We analyzed data from the 1998 through 2010 biennial waves of the Health and Retirement Survey (HRS). The HRS is a longitudinal, nationally representative sample of noninstitutionalized adults aged 51 years and older (with cohorts born between 1900 and 1947) living in the contiguous United States. The HRS is an ongoing study that is conducted by the University of Michigan, Survey Research Center with support from the National Institute of Aging and the Social Security Administration. The HRS sample design was based on a four-stage area probability sample of US households with at least one noninstitutionalized individual aged 51 years or older (i.e., born in 1947 or earlier). More detailed descriptions of the HRS sampling frame have been previously published [17,18]. Original survey response rates ranged between 70 and 81% depending on age cohorts. The University of Michigan Health Sciences and Behavioral Sciences Institutional Review Board approved the HRS.

Baseline Sample

From the sample of eligible respondents (n = 21,384) interviewed at the 1998 baseline wave, we retained the subsample of interest that is comprised of respondents 65 years and older (n = 10,777). We excluded 1,272 proxy-interviewed respondents who, according to the HRS protocol, were not administered cognitive tests at baseline. Additionally, to avoid bias introduced by individuals possibly affected by brain diseases, we excluded the bottom 5% of cognitive test scorers (n = 672). Our available sample at baseline was n = 8,833, which, when weighted, represented 27,816,179 adults aged 65 years and older in the USA in 1998.

Attrition

Sample attrition was primarily attributable to mortality with the per-wave death rates varying between 6.5% in 2000 and 9.8% in 2010. Cumulative attrition due to mortality between 1998 and 2010 was 50.7%. Non-death-related nonresponse was small and stable across waves and ranged from a low of 4.2% in 2000 to a high of 5.3% in 2010.

Main Outcome Measure

Cognitive functioning (range 0-35 points) was the outcome variable of interest. Cognition was assessed in the HRS using an abbreviated version of the Telephone Interview of Cognitive Status (TICS) [19], which is a composite of cognitive tests used to evaluate memory, attention, concentration, orientation, and language [20]. This measure is reliable and valid and has been used in numerous previous studies [21,22]. It is comprised of two main dimensions: episodic learning and memory and mental status [23]. Specifically, 20 of the 35 TICS total points involve list learning and memory (i.e., episodic learning and memory), whereas the remaining 15 points are related to mental status type questions (i.e., orientation) and working memory (i.e., serial 7's and backwards counting). Comprehensive additional test characteristic descriptions are available at the University of Michigan, Institute of Social Research website (http://hrsonline.isr.umich.edu/index.php?p=userg). The TICS was administered to all HRS respondents (except proxy interviews) in English or Spanish by trained and supervised interviewers, including the subpopulation in this study aged 65 years and older, at each of the 7 biennial study waves examined (1998-2010).

Primary Predictors

Baselineself-reported childhood and adult SEP and health status were the primary predictors. Childhood SEP was measured by respondent reports of father's and mother's education (0 = missing, 1 = less than high school, 2 = high school or more), and self-report of overall childhood socioeconomic status (i.e., ‘pretty well off', ‘average or varied', and ‘poor'). Childhood health was measured using a 5-category scale (1 = excellent to 5 = poor) treated as a continuous indicator. Adult individual achievement was assessed using 3 indicators measuring respondents' education (0-17 years or more), household income, and household wealth. Household income was measured for the previous full calendar year, and comprised of a sum across all sources of income (e.g. employment income, pensions, Social Security, stocks, and others). Missing data were imputed. Wealth was measured by the sum of valued assets (e.g. home). Income and wealth were provided by self-report by the household financial respondent (i.e., among households with both spouses interviewed in the study, the household financial information is only gathered from the one respondent who is most knowledgeable about the household's finances). The same values for income and wealth, respectively, are applied to both individuals in households in which both spouses participated in the HRS.

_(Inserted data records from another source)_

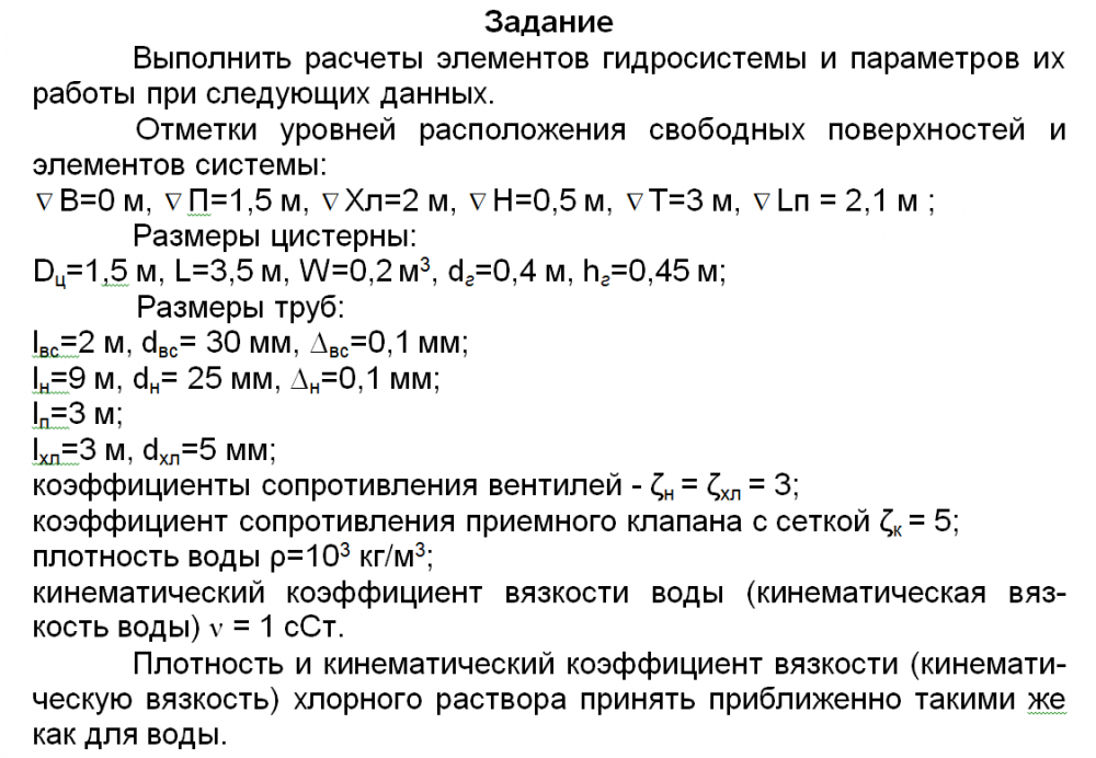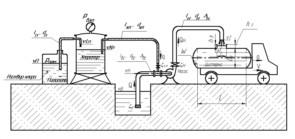 При работе насосной установки вода дезинфицируется раствором хлора, который самотеком по резиновому рукаву ( lхл, dхл) с имеющимся на его выходе вентилем с коэффициентом сопротивления в полностью открытом состоянии ζхл поступает во всасывающую трубу насоса из вакуумного хлоратора. Хлоратор представляет собой герметичный сосуд, в котором создается вакуум ( pв.хл), необходимый для пополнения хлоратора раствором хлора из питателя и для получения разности напоров в хлораторе и на входе в насос, обеспечивающей поступление нужного расхода q раствора во всасывающую трубу насоса. Убыль раствора в хлораторе пополняется из питателя по трубке из ПВХ ( lп, dп).
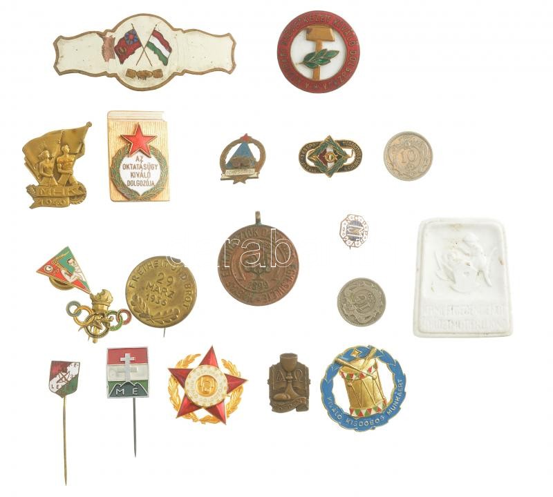 Vegyes 19db-os jelvény, kitűző tétel, közte 2db érme valamint ‘Kiváló Kisdobos Munkáért’, ‘A Kisipari Szövetkezet Kiválód Dolgozója’, ‘Lehel Polgári Lövész Egyesület’ jelvényei T:1–3
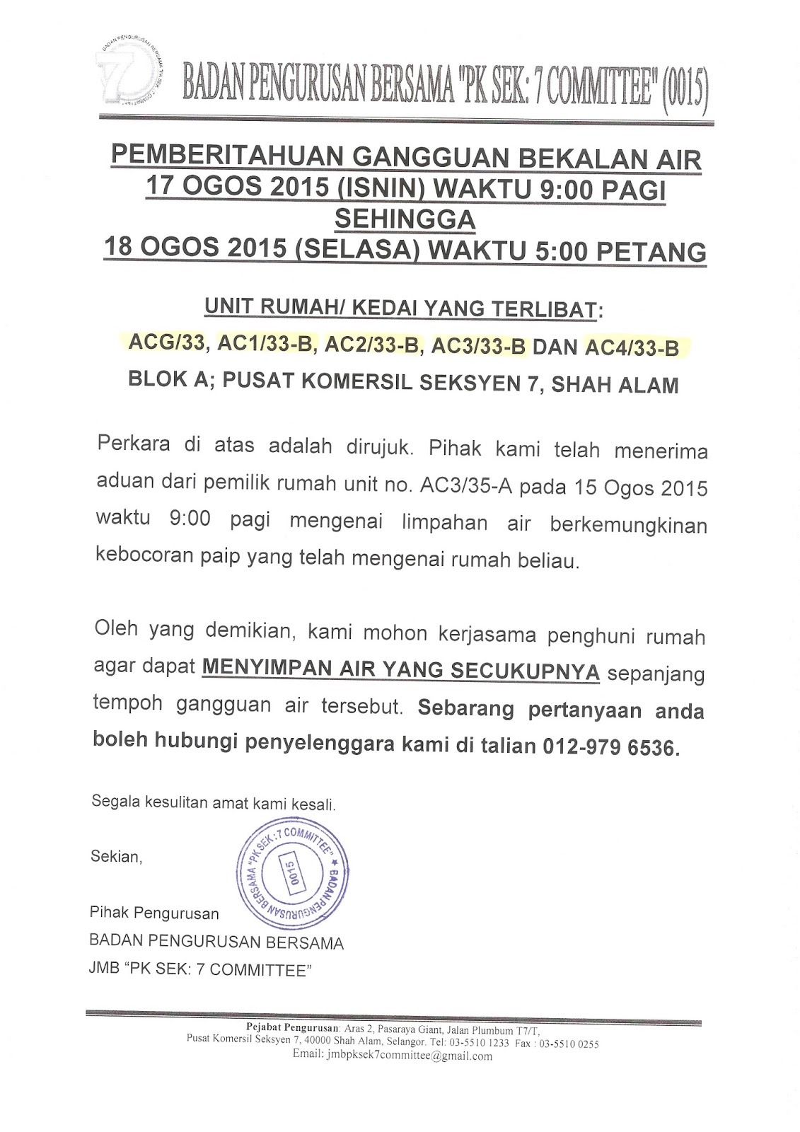 Pemberitahuan Gangguan Bekalan Air 17 Ogos Isnin Waktu 9 00 Pagi Hingga 18 Ogos 2015 Selasa Waktu 5 00 Petang Badan Pengurusan Bersama Jmb Pk Sek 7 Committee

Both household income and wealth were log-transformed to normalize their distributions. To avoid generating missing values for zero or negative reports, both measures were censored at a USD 100 minimum with values below this threshold recoded as the minimum [24,25]. Adult health status was measured using two indicators. The first was a self-reported health status measure coded on the same scale as the childhood self-reported health status (i.e., 1 = excellent to 5 = poor). The second was a count of 8 self-reported health conditions including: high blood pressure, diabetes, cancer, lung problems, heart conditions, stroke, psychiatric problems, and arthritis. The other model covariates were demographic variables including: sex, race (non-Latino White, Black, Latino, and other), and age in years. To facilitate interpretation of the latent growth parameters, our income and wealth indicators were centered at their estimated sample mean, adult education was centered at 12 years, and age was centered at 65 years.

Analytic Approach

Univariate and cross-sectional analyses were done using the Stata 12.1 software (Stata, 12.1, College Station, Tex., USA, 2011) and latent growth curve (LGC) analyses were conducted in the Mplus 6.1 software [26]. Mplus has a flexible platform that allows modeling of both observed and latent constructs within the same framework and can accommodate a wide range of measurement types and statistical distributions. All statistical analyses performed accounted for the HRS survey design including sampling weights, clustering and stratification [27,28]. We configured the growth models as balanced on time (7 waves of interviews) with data missing at random [29]. Statistical analyses for LGC were conducted with multiple linear regressions, a full-information maximum likelihood estimation method with Huber-White covariance adjustment that produces robust estimates in the presence of nonnormality and nonindependence of observations [26,30]. Full-information maximum likelihood allowed us to use all available data in the estimation of the latent growth models of interest [29], by assuming that the missing data are missing at random and that the hypothesized models are the same for complete and incomplete data subsets. To minimize the effect of missing data in the outcome variables, and overcome nonmissing at random data complications, the HRS staff imputed missingness when appropriate to yield a more complete data. Models fit to data from participants with complete observations in at least 3, 4, 5, 6, and all 7 waves produced trends similar to the ones reported in this study (diagram available on request) and provided substantive evidence to the robustness of our findings.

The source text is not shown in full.